We zoomed homeward for two hours until we met up with Paul, dined al fresco, and then decided to stay out and see the 9:45 screening of Midnight in Paris. I felt fine; tired from a long day's work, but content, and generally unburdened. We walked the dog together, I dunked a forgotten nightgown, rescued from my erstwhile minivan, into a bowl of Oxiclean, and fell into bed, exhausted.

An hour or so ago, I rose to brew coffee as I do every morning, and stooped to poke through one of the bags of items collected from the van. I pulled out the popsicle stick Magen David that I'd ceremoniously kissed as the boys watched me cut it down from the rear view mirror. As I gazed upon its glitter glue embellished surface, the blue paint now completely faded away, the glitter bleached from rainbow to a pale gold, I felt my face crumple.

First, I realized I had no vehicle with which to adorn it. This is fine, a situation that will be addressed soon after we return from Paris. But immediately thereafter, I knew that I could not put the star up in my new car. It would be ridiculous to choose to hang a pre-school judaica project in the front window of a vehicle used to transport children who will soon be turning 9 and 11. Even if the boys were to indulge me, as they surely would, it would be a clear sign - to my orchestra carpool and many others - that I was trapped in the past, out of step with reality's forward lurching. In the next moment, I was back in bed, crushing myself into Paul's back as the tears rushed up to moisten his pajamas and fill my sinuses.

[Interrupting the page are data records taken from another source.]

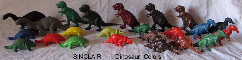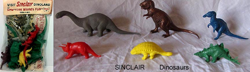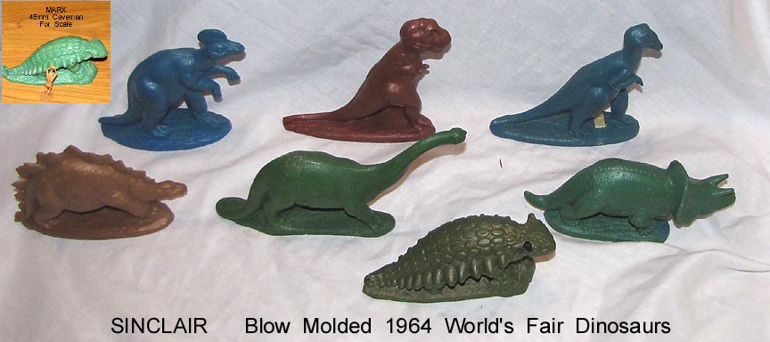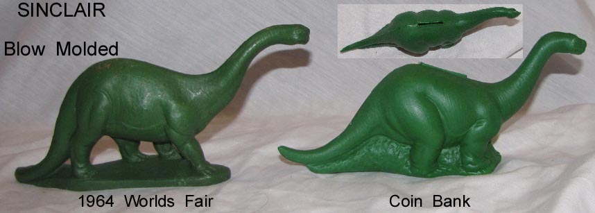later Sinclair made a new blow molded Brontosaurus with a slot on the top to be used as a coin bank. Note the World's Fair example has gut aways around the legs where as the bank is solid.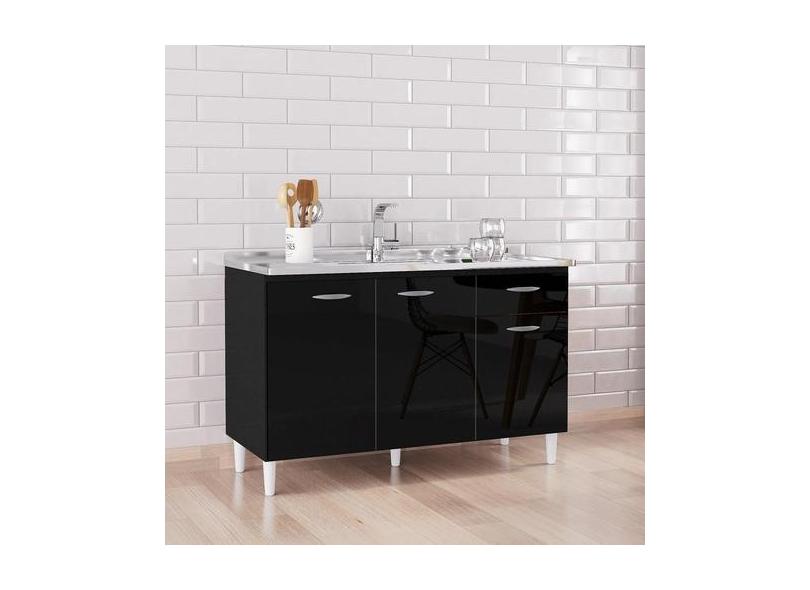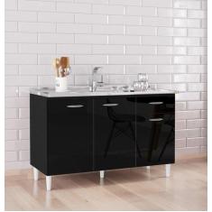 Balcão Gabinete Alice 120Mt Para Pia Sem Tampo Preto Poquema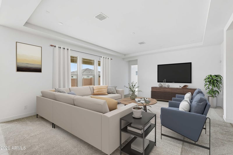 Listing details for 7643 Hide Trl, Peoria, AZ 85383 : What's Special: Mountain View | Dedicated Home Office | 3-Car Garage. New Construction - Ready Now! Built by America's Most Trusted Home Builder. Welcome to the Catalina at 7643 W Hide Trail in Aloravita South Summit! Bright single-level home with an open great room, stylish kitchen, covered patio, private suite, teen room, study, and a serene primary retreat with walk-in closet. Additional Highlights Include: Gourmet kitchen with 36'' gas cooktop, crown molding at kitchen cabinets, security system prewire, square corner with 5'' baseboards, white cabinets, upgraded quartz countertops, double gate, garage service door, showers at secondary baths, custom wall tile in bathrooms, and gas line for outdoor kitchen. Virtually staged photos are for representative purposes only. MLS# 6986186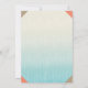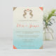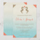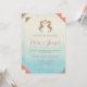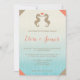 Convite de casamento com tema tropical com duas cavalinhas-marinhas castanhas-arenosas de frente uma para a outra com um coração em cor rosa coral entre elas. A cor do fundo é um gradiente de azul claro a branco com algumas listras leves nele. Como detalhe extra, cada canto deste convite tem uma cor bege ou rosa coral.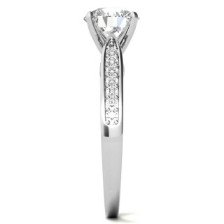 This beautiful engagement ring features an antique sculpted design with 0.14ct of round brilliant lab grown diamond side stones, and is available in 14k gold, 18k gold or platinum.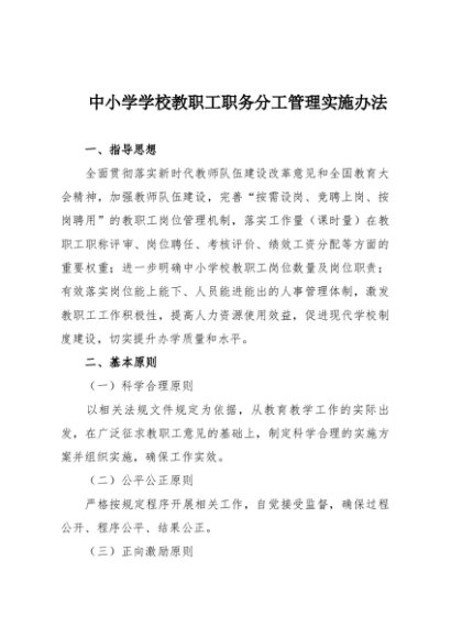 / 【七哥公文】2025年:中小学学校教职工职务分工管理实施办法+更多免费公文+VX:QiGeGongWen2024

My outburst was lovingly dismissed as "hormonal living" and then Paul suggested that someone might make me a new mirror dangle while at camp. As I walked the dog, just now, with my first cuppa joe, I realized it was inevitable that the emotion of this milestone would hit me as hard as it just did. By releasing us from minivan ownership on the very same day our youngest child becomes a camper, the Universe is sending a clear message: we are in a new chapter of our lives.

And, as the Woody Allen movie impressed upon us for about two hours last night, we must live in the present. Life is by definition somewhat unsatisfying, the film's protagonist observes, but for maximum enjoyment, we must embrace the time in which we find ourselves. This era; this moment. I'm all in.